L'absence de soutien de l'institution

Si l'on a abordé le volet juridique, reste le volet institutionnel. Sans avoir commis d'erreur médicale ni morale, le Dr Laurent Carlier, 23 ans d'ancienneté dans l'institution, s'est fait suspendre à trois reprises avant d'être finalement révoqué. Le tout, sans motif véritable. " Le CHR a fait preuve d'hypocrisie en parlant de 'suspension non disciplinaire' ", estime Laurent Carlier. " Comment peut-on penser qu'une suspension qui affecte un médecin, entraîne un préjudice financier et une rupture sociale soit non disciplinaire ? " Car outre les problèmes judiciaires, le médecin s'est rapidement retrouvé dans des problèmes financiers, notamment à cause des frais d'avocat qu'il continue d'assumer seul, l'assurance juridique de l'hôpital ne les prenant pas en charge.

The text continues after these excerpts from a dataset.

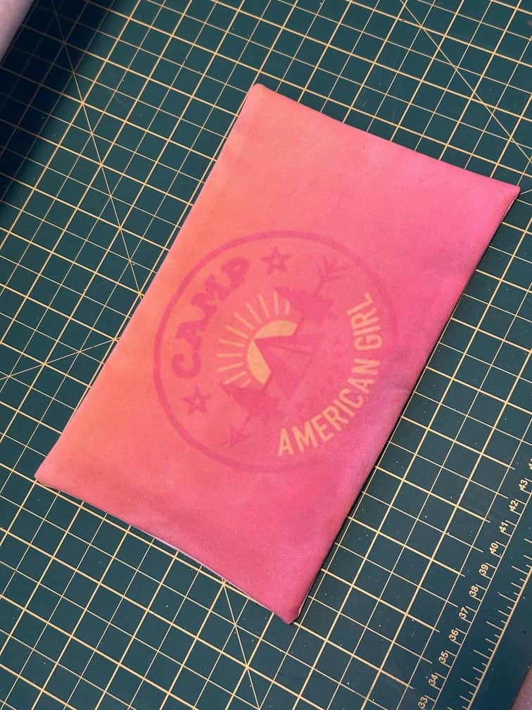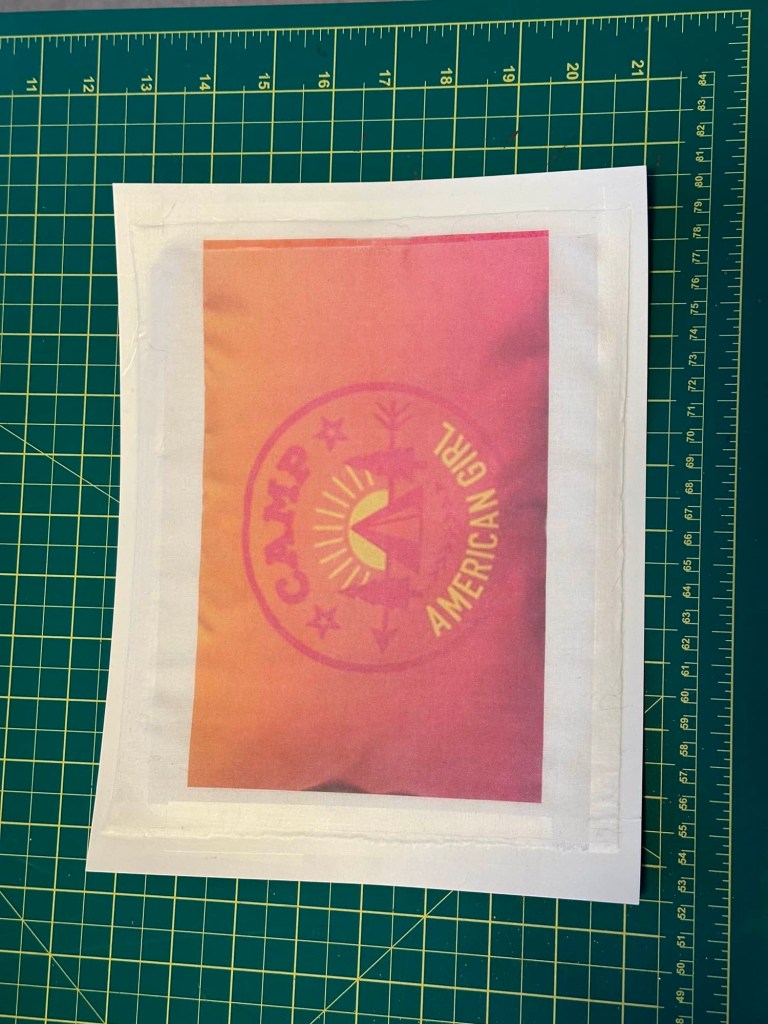 To make the ombre orange camp pillows, I printed the image onto fabric. I taped fabric onto a sheet of paper and fed it through my printer.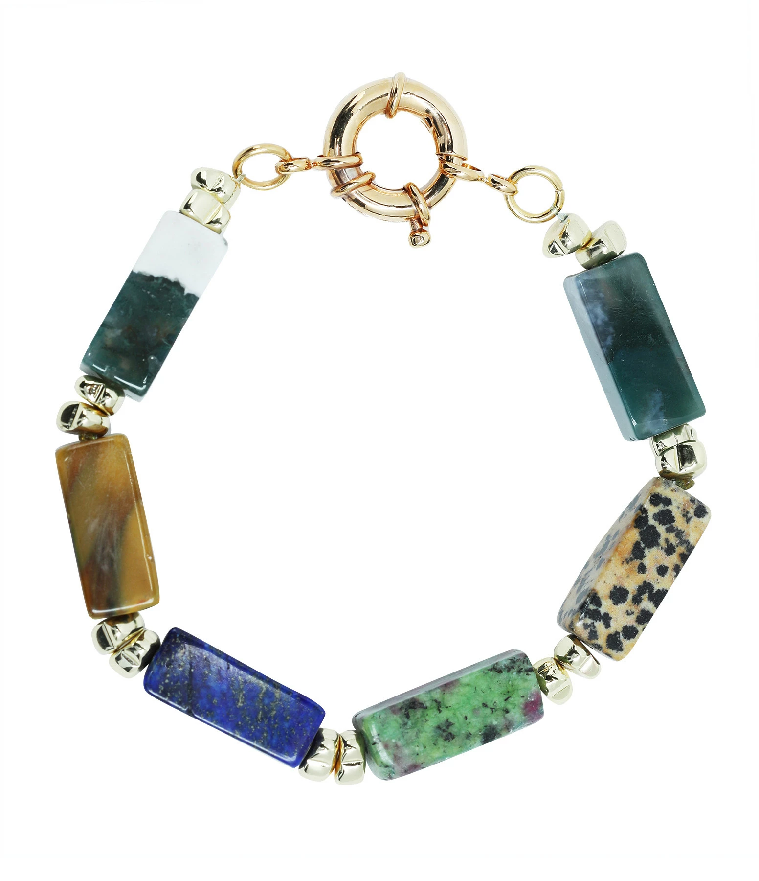 Bracelet en perles rectangulaires de différentes pierres. Fermoir classique à ressort.
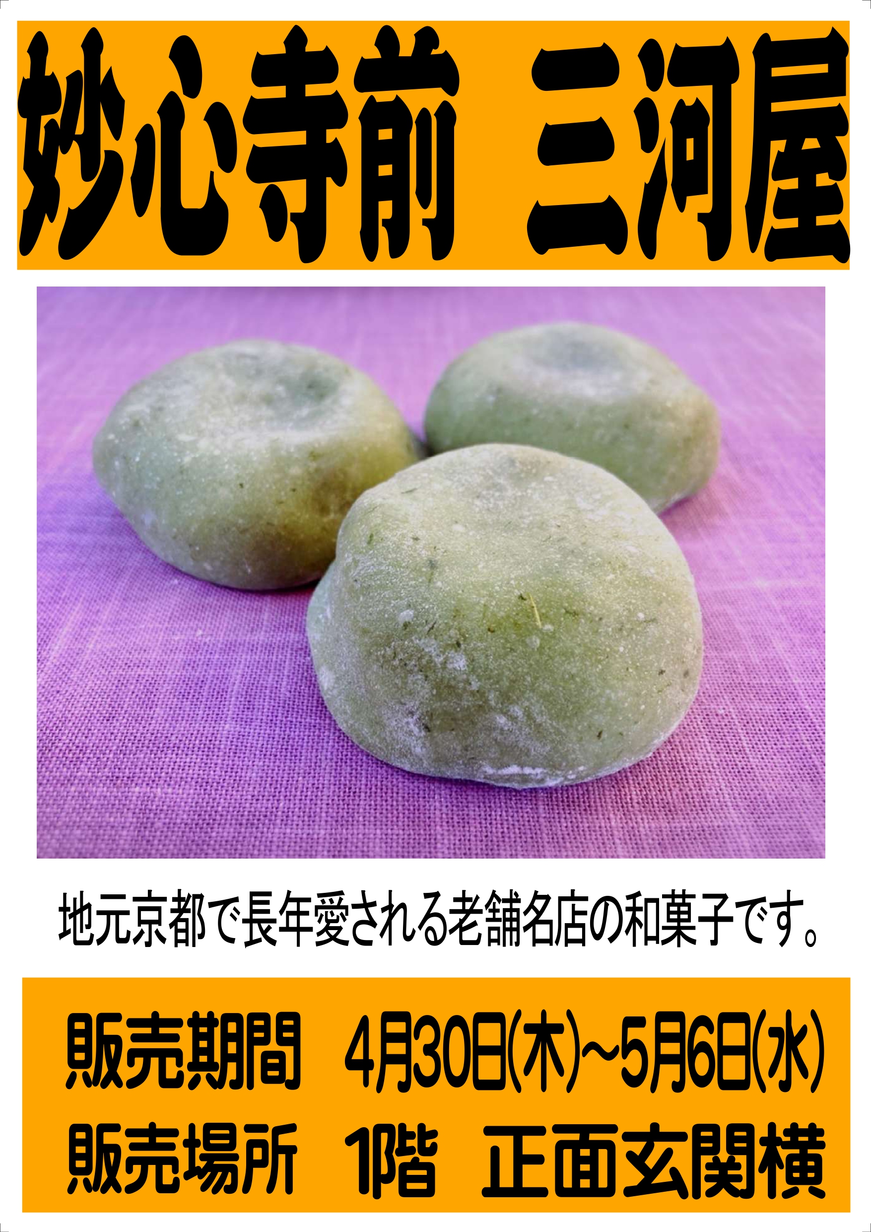 妙心寺前三河屋の和菓子販売会を開催!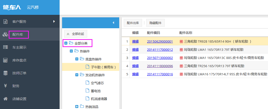 2、点击【配件库】按钮,通过分类选择,查看相应的商品.

Autre fait remarquable : les suspensions et la révocation ne couvrent que le poste de chef de service des soins palliatifs, et non celui d'urgentiste, casquette qu'endosse le Dr Carlier depuis plus de 20 ans au CHR. " On témoignait par là notre confiance ", justifie Gilles Mouyard, président du CHR Sambre & Meuse (CHRSM). " Le problème n'est pas survenu dans son activité au sein du service des urgences. À aucun moment, en faisant cette proposition, nous voulions être machiavéliques ou avoir des arrière-pensées. Nous avons essayé de faire les choses le mieux possible. "

" Cela prouve que les décisions sont aberrantes ", juge au contraire Jean-Philippe Hermanne. " Soit on suspend le médecin pour toutes ses activités soit on ne le suspend pas. " Une décision qui a encore moins de sens si l'on s'attarde sur le cas du Dr Nguyen, qui n'a pas été suspendue. " C'est simple, je suis la seule hématologue du CHR ", interprète l'intéressée. " Le service aurait été bien mis à mal s'ils m'avaient suspendue. J'ai demandé à plusieurs reprises aux gestionnaires pourquoi ils ne m'avaient pas suspendue. Je n'ai pas eu de réponse. " Gilles Mouyard n'était apparemment pas au courant de ces faits, ni même de la possibilité de poursuite à l'encontre du Dr Nguyen. " De ce que je connais du dossier répressif, à aucun moment le nom du Dr Nguyen n'a été cité avec un risque d'inculpation. "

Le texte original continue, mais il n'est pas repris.